Thursday, November 20, 2008

Ray Bradbury

The great science-fiction author Ray Bradbury appears on TCM tonight as the monthly Guest Programmer, selecting four of his favorite movies and discussing with Robert Osborne why he considers them among his favorites. For the record, Bradbury's selections are:

The Phantom of the Opera, at 8:00 PM;
The Lon Chaney version of The Hunchback of Notre Dame, at 9:45 PM;
Alfred Hitchcock's Rebecca, at 11:45 PM; and
Citizen Kane, at 2:00 AM ET overnight.

However, I'd like to mention a different movie; the film adaptation of Bradbury's novel Fahrenheit 451. The story, of course, is well-known; an oppressive society of the future has banned books, with "firemen" burning any books discovered. Oskar Werner plays one such fireman, dutifully burning books until he meets a book owner with whom he falls in love (Julie Christie).

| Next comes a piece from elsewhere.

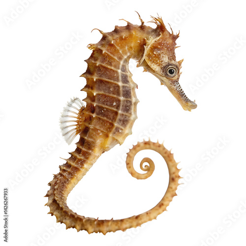 seahorse Fish in transparent background.A Detailed Close Up of a Small Brown Seahorse on a Transparent background
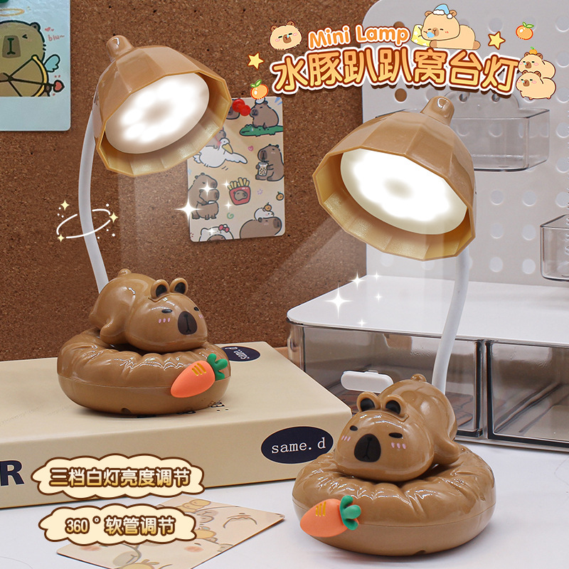 卡皮巴拉台灯水豚趴趴窝萌宠USB宿舍桌面床头小创意摆饰可充电

The thing I love about the movie is the 1960s style. Sure, the movie is set in the future, but as with all movies set in the future, they can't help but look like the time in which they were made. Things to watch out for in Fahrenheit 451 that came straight out of 1966 would include the hairstyles (obviously), the streetlights, the design of the fire trucks, and that god-awful monorail. If anything, however, the swinging 60s kitsch doesn't detract from this movie, instead giving it more of a timeless look. Fahrenheit 451 deals fairly directly with censorship, and depending on your political point of view, you can either think that the outgoing Bush administration was stifling dissent, of the incoming Obama administration will bring back the "fairness doctrine" and destroy talk radio.

The other interesting thing about the movie is that it was directed by François Truffaut, the only time Truffaut directed an English-language movie. It's available on DVD as well, since TCM aren't showing it any time soon.